AccessLevel The level of access, Read, Write, or Admin, the identity has to that resource.
AccountSourceType The cloud service provider the account originated from.

CIEM supports federated AWS access from Okta and Azure accounts. AWS Identity Center users are identified with a UUID. Native users are identified with an AWS ARN.
AccountStatus The status of the account at the last time of processing.

Enabled - The account is enabled and the user can access it.

Disabled - The account is disabled, and the user cannot access it, but the identity is not disabled in IdentityNow. This can occur when an administrator disables the account or when the user's lifecycle state changes.

Locked - The account is locked. This may occur when someone has entered an incorrect password for the account too many times.

Pending - The account is updating.
AccountId The account ID from the cloud service provider for a given account.

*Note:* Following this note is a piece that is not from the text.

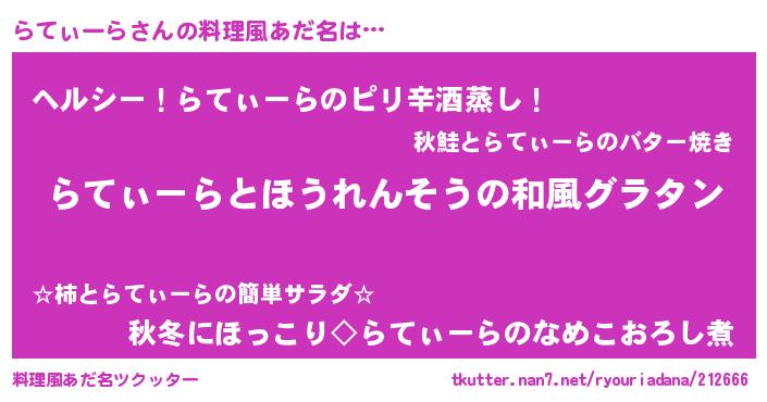 | ヘコむあだ名 | 『らてぃーら(笑)』『らてっふぃ~』 |
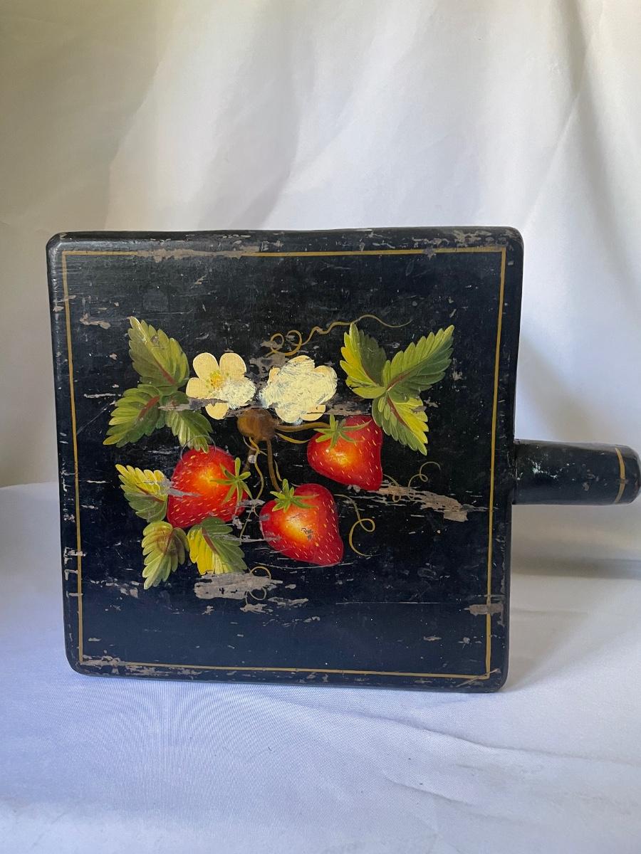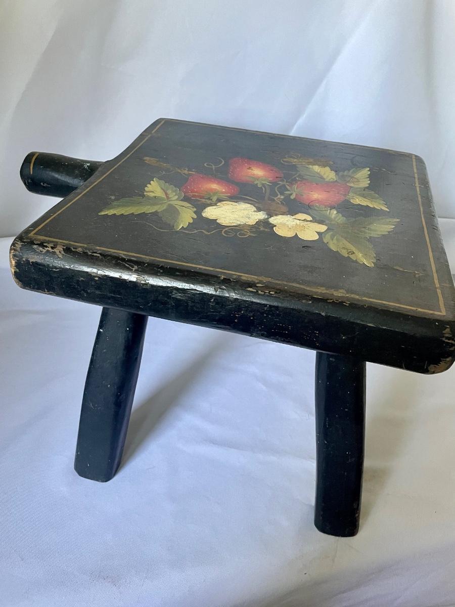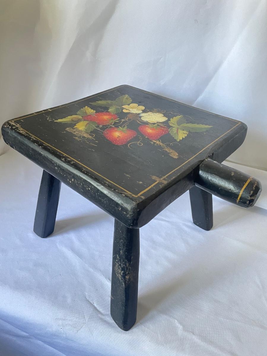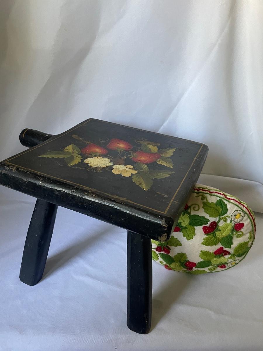 This adorable stool with handle is wood painted black with a strawberry motif in the center, it has minor scuffs in the paint that give it even more vintage appeal, it measures 11” x 11” x 11”. Also included is a

Resource access reports lists all known accounts in CIEM that have resource access even if the account is not correlated to an identity.
Service The service the resource belongs to.
ResourceAccountName The sub source where the resource belongs. This value will be N/A for Azure and GCP resources that are directly at the AzureTenantId or OrganizationId level.

AWS - AccountId

Azure - SubscriptionId

GCP - ProjectId

CloudSourceNativeId The native ID of the CSP parent source where the resource exists.

AWS - ManagementAccountId

Azure - AzureTenantId

GCP - OrganizationId
CloudSubSourceNativeId The subsource where the resource is. This value will be N/A for Azure and GCP resources that are at the AzureTenantId or OrganizationId levels.

AWS - AccountId

Azure - Subscription Id

GCP - ProjectId
Manager The manager of the identity with resource access.
Department The department of the identity with resource access.

Notes

  • The ResourceAccountName value will be N/A for Azure and GCP resources that are directly at the AzureTenantId or OrganizationId level.
  • The Email, DisplayName, AccountStatus, Manager, and Department columns may be empty if there is an uncorrelated account that can access resources or if those values are not set for an identity (correlated or uncorrelated).